Your task is to print all of the entries exactly, though the pictures should not be included.

((

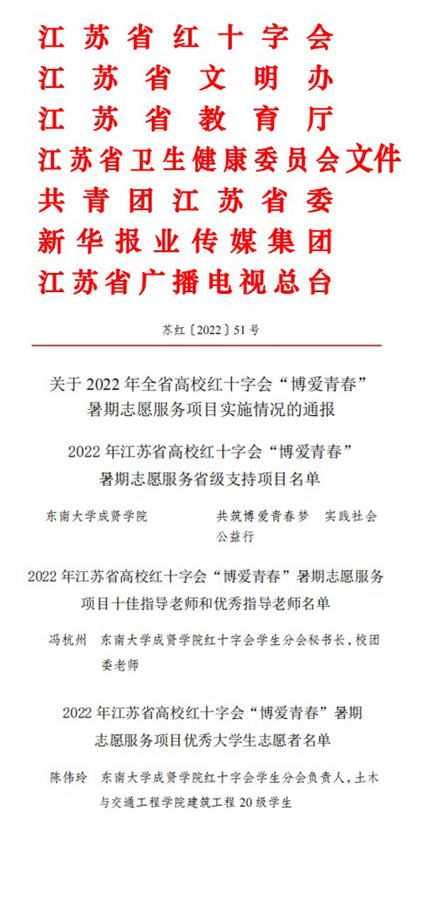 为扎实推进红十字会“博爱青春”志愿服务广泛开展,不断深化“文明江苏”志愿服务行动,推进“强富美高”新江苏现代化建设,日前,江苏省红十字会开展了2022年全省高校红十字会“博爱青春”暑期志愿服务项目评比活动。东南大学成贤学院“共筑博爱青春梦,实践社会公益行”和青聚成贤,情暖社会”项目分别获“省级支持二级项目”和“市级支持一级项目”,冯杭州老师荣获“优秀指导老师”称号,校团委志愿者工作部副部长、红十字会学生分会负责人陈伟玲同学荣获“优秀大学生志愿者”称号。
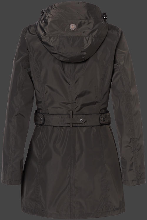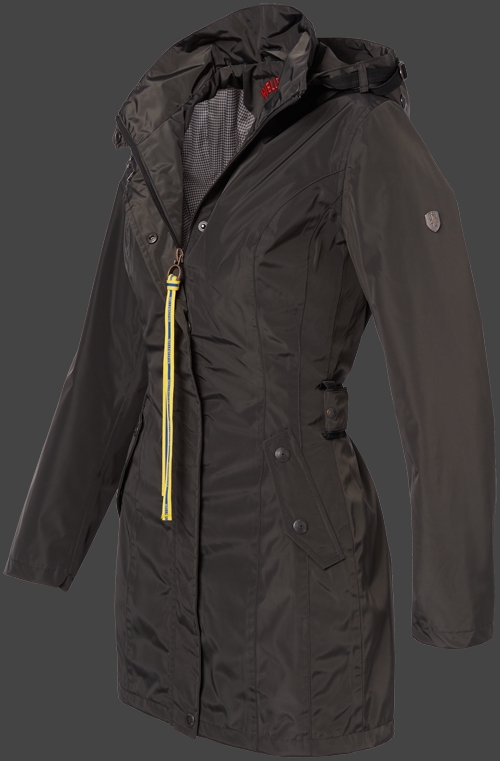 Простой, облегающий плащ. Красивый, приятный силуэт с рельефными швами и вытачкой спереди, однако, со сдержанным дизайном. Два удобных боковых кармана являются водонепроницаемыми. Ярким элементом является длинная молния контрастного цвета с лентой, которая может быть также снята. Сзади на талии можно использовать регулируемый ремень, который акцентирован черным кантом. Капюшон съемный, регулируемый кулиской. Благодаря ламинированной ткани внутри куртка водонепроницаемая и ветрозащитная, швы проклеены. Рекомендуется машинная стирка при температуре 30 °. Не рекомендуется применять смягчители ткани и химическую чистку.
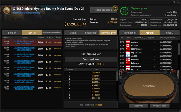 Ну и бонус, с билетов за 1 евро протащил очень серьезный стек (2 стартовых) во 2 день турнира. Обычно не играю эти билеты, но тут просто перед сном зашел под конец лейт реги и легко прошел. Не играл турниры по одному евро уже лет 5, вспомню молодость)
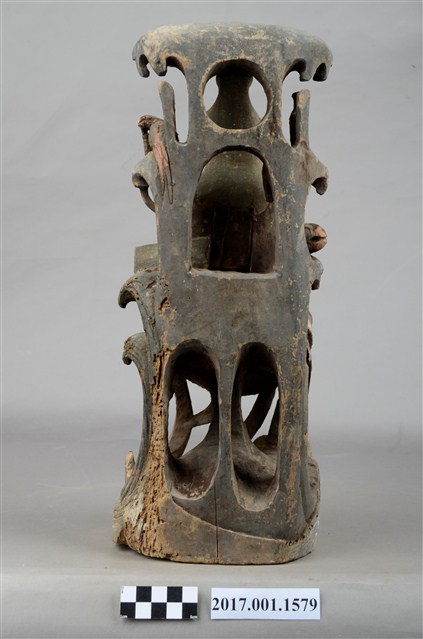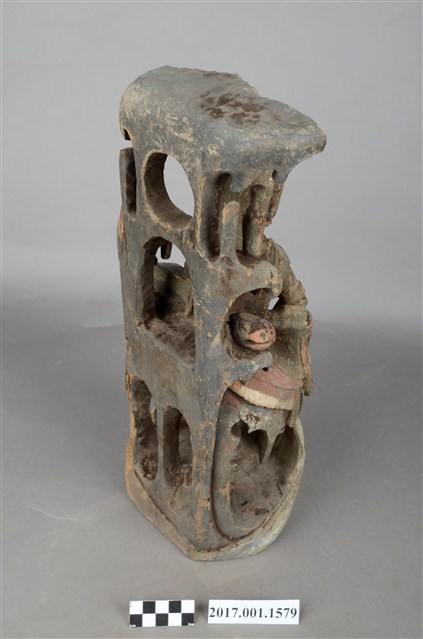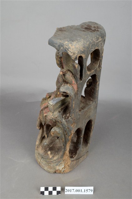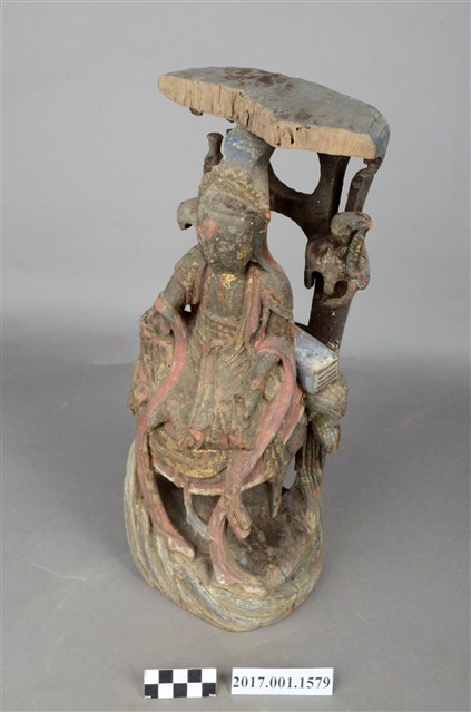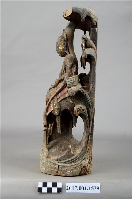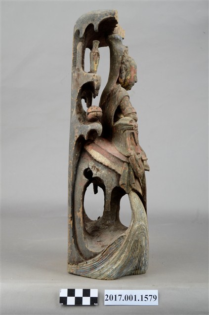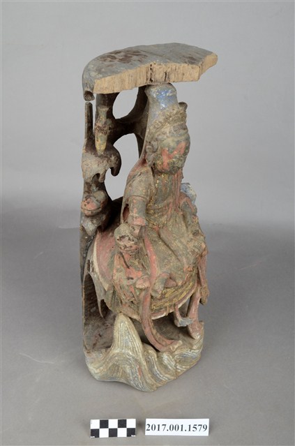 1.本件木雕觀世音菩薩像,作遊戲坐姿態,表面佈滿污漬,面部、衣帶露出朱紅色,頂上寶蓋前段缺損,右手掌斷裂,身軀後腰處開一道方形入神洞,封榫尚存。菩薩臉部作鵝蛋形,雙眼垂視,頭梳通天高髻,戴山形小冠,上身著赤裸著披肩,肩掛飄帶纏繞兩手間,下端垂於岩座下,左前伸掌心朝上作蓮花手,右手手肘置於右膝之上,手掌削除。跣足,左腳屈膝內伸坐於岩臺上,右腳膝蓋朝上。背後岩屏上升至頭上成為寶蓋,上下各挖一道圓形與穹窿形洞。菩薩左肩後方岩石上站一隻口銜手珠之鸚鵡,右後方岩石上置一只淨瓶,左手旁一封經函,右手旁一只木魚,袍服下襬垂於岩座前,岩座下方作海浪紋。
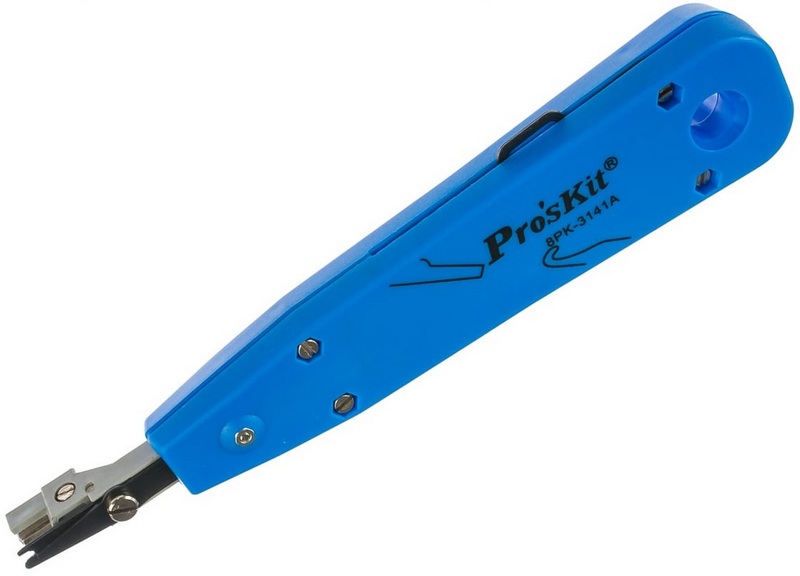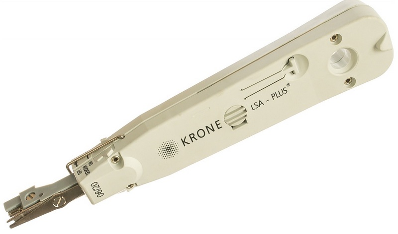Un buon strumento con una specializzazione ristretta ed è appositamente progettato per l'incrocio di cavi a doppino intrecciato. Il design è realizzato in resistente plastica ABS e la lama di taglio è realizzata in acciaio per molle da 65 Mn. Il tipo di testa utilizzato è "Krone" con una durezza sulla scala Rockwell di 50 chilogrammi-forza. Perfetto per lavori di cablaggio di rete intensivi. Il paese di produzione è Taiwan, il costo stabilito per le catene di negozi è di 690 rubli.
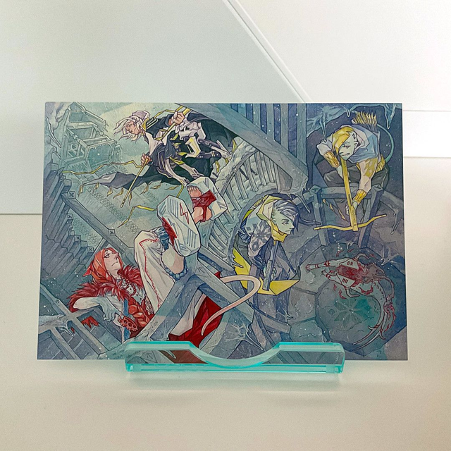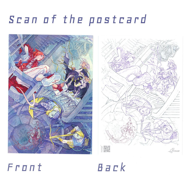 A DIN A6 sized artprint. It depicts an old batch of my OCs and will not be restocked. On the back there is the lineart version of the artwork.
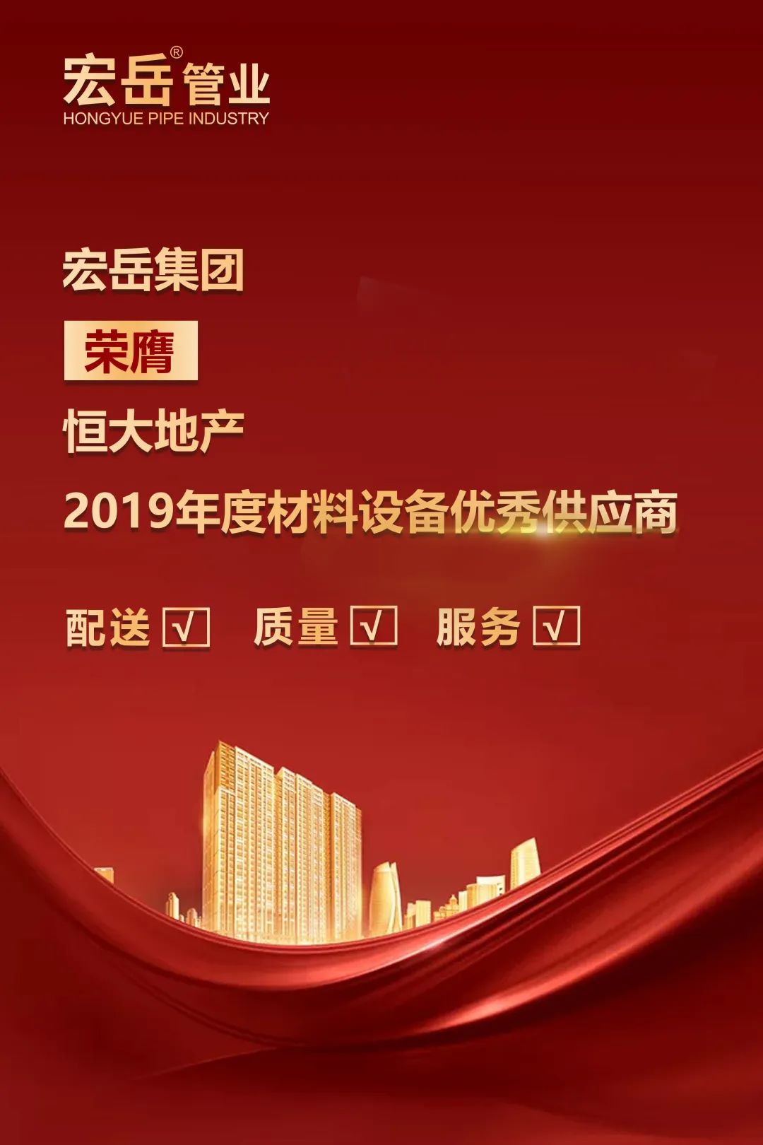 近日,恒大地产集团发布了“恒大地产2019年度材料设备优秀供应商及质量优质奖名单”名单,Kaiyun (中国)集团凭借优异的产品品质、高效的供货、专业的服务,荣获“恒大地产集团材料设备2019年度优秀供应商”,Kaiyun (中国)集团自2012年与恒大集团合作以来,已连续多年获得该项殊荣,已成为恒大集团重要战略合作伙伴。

))

• **Solution below**
 为扎实推进红十字会“博爱青春”志愿服务广泛开展,不断深化“文明江苏”志愿服务行动,推进“强富美高”新江苏现代化建设,日前,江苏省红十字会开展了2022年全省高校红十字会“博爱青春”暑期志愿服务项目评比活动。东南大学成贤学院“共筑博爱青春梦,实践社会公益行”和青聚成贤,情暖社会”项目分别获“省级支持二级项目”和“市级支持一级项目”,冯杭州老师荣获“优秀指导老师”称号,校团委志愿者工作部副部长、红十字会学生分会负责人陈伟玲同学荣获“优秀大学生志愿者”称号。
 Простой, облегающий плащ. Красивый, приятный силуэт с рельефными швами и вытачкой спереди, однако, со сдержанным дизайном. Два удобных боковых кармана являются водонепроницаемыми. Ярким элементом является длинная молния контрастного цвета с лентой, которая может быть также снята. Сзади на талии можно использовать регулируемый ремень, который акцентирован черным кантом. Капюшон съемный, регулируемый кулиской. Благодаря ламинированной ткани внутри куртка водонепроницаемая и ветрозащитная, швы проклеены. Рекомендуется машинная стирка при температуре 30 °. Не рекомендуется применять смягчители ткани и химическую чистку.
 Ну и бонус, с билетов за 1 евро протащил очень серьезный стек (2 стартовых) во 2 день турнира. Обычно не играю эти билеты, но тут просто перед сном зашел под конец лейт реги и легко прошел. Не играл турниры по одному евро уже лет 5, вспомню молодость)
 1.本件木雕觀世音菩薩像,作遊戲坐姿態,表面佈滿污漬,面部、衣帶露出朱紅色,頂上寶蓋前段缺損,右手掌斷裂,身軀後腰處開一道方形入神洞,封榫尚存。菩薩臉部作鵝蛋形,雙眼垂視,頭梳通天高髻,戴山形小冠,上身著赤裸著披肩,肩掛飄帶纏繞兩手間,下端垂於岩座下,左前伸掌心朝上作蓮花手,右手手肘置於右膝之上,手掌削除。跣足,左腳屈膝內伸坐於岩臺上,右腳膝蓋朝上。背後岩屏上升至頭上成為寶蓋,上下各挖一道圓形與穹窿形洞。菩薩左肩後方岩石上站一隻口銜手珠之鸚鵡,右後方岩石上置一只淨瓶,左手旁一封經函,右手旁一只木魚,袍服下襬垂於岩座前,岩座下方作海浪紋。
Un buon strumento con una specializzazione ristretta ed è appositamente progettato per l'incrocio di cavi a doppino intrecciato. Il design è realizzato in resistente plastica ABS e la lama di taglio è realizzata in acciaio per molle da 65 Mn. Il tipo di testa utilizzato è "Krone" con una durezza sulla scala Rockwell di 50 chilogrammi-forza. Perfetto per lavori di cablaggio di rete intensivi. Il paese di produzione è Taiwan, il costo stabilito per le catene di negozi è di 690 rubli.
 A DIN A6 sized artprint. It depicts an old batch of my OCs and will not be restocked. On the back there is the lineart version of the artwork.
 近日,恒大地产集团发布了“恒大地产2019年度材料设备优秀供应商及质量优质奖名单”名单,Kaiyun (中国)集团凭借优异的产品品质、高效的供货、专业的服务,荣获“恒大地产集团材料设备2019年度优秀供应商”,Kaiyun (中国)集团自2012年与恒大集团合作以来,已连续多年获得该项殊荣,已成为恒大集团重要战略合作伙伴。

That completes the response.